What inspired you to create your own bullying prevention program?

When I was a brand new social worker, I was asked by 20 sets of parents to advocate for their children, who they felt were being bullied by an adult in the school. What I lived for the next two years astounded me. I saw bully actions in every level of the school, from students, to adults, to bureaucracy, to government. I saw a lack of skills like listening, problem solving, negotiating, empathizing, and understanding. It made me realize that we can't focus a resolution to bullying on what we think kids need to learn. Walk away, ignore and tell someone....those are tools that only work if the adults around children have a certain skill set. I saw the need for a program that was not only comprehensive, but also easy to use and integrate into every day life.


What is at the core of the program?

The bystander is at the core of this program. Which means every child. When I talk to students I don't seek to find out who the 'bullies' and the 'victims' are. I seek to encourage children to become strong bystanders. I tell them, "It doesn't matter if you've used bully actions, or been on the receiving end of bully actions. It's time for a clean start. You are all BYSTANDERS, and I'm going to teach you how to be good bystanders. The program is about skill building, self knowledge and self regulation. When we (adult AND child) can recognize a bully action and feel strong enough to step up and say "Hey, it's not okay to treat (her, him, me) like that", then we're well on the way to solving the problem. The other core part of the program is skillbuilding. When anyone is able to communicate well, manage their fight or flight reaction, balance their thinking and build their own confidence then they are less likely to use bully actions or victim responses, and more able to stand up for others.

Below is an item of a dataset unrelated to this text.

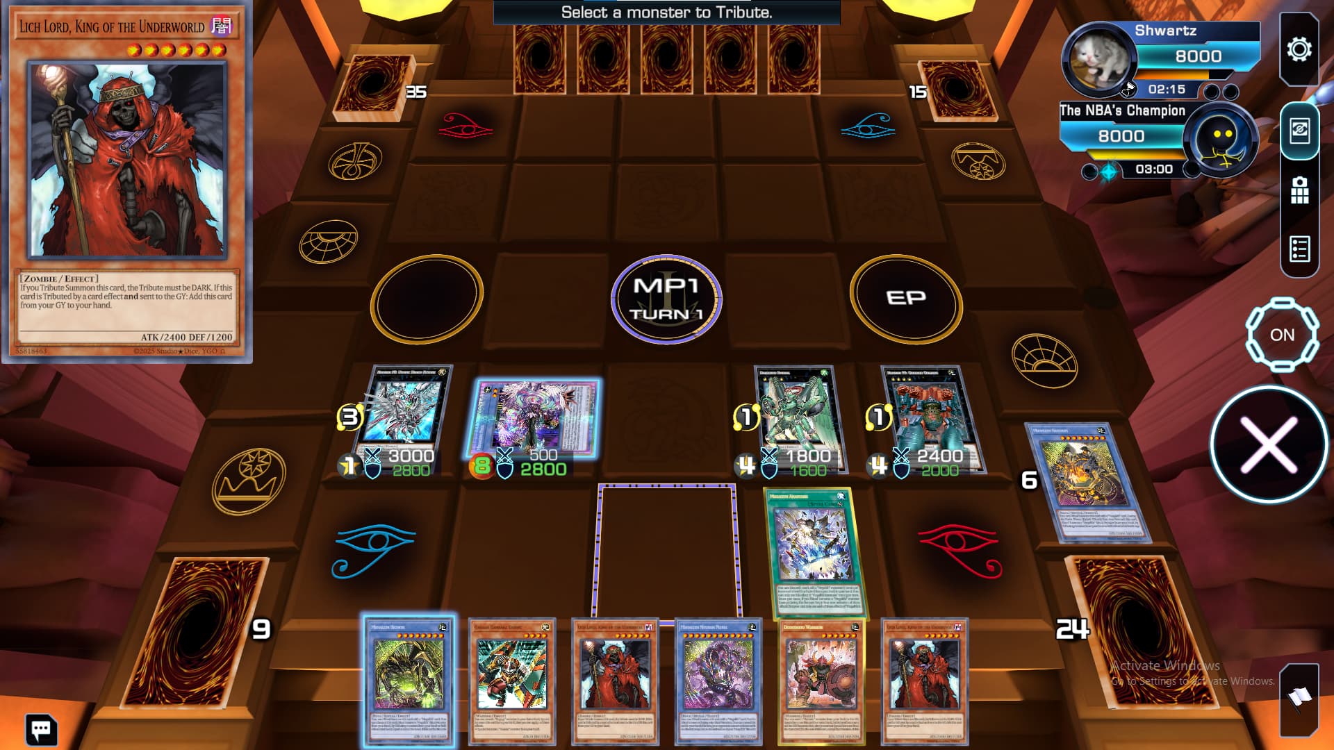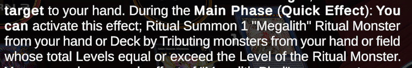 In multiple different instances when attempting to ritual summon using Megalith monsters, I am not being allowed to use other non-megalith monsters as tributes for the summon. This is not a lock placed on me from any of the cards or effects, and only happens sometimes. I will post a replay code after this post that has multiple instances of not being able to use Lich Lord, King of the Underworld as material for the ritual summon. I believe he should be able to be used in almost every situation except for use with Megalith Unformed.

What are students getting from it and were you surprised by anything that came out of the program that you didn't expect?

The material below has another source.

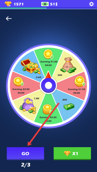 3、在转盘界面,点击【GO】,消耗次数抽奖,获取金币、收益加成(如Earning-X1.05)等奖励。

I've been planning really well for this, so there aren't too many surprises, but there are a lot of things that I love. When we piloted our first Community Immersion (a whole week in a school!), the kids were incredible. I love the girl that came up to me and said "Look! Here is my list of 30 ways that I'm going to use the anxiety equation!" I loved teaching for three days, and then hearing the bullying prevention team that was being created use the words "bully action" and create role plays that focused on being a great bystander - without my help. I loved the final assemblies where hands went up and up and up about what they'd learned over the week. I loved hearing children say "I don't have to believe the negative things I think about myself." The screaming applause at the end - THAT was a surprise. I appreciated that for myself because it meant they liked me, but I appreciated it even more because it meant that the kids accepted and needed the material.

And best of all, in follow-up with the school, I know the material is being incorporated into the classrooms, the lessons plans, and one-on-one with students. The solution isn't in the one time appearances. It's in our every day.

So true, Kelly. IT'S IN OUR EVERY DAY.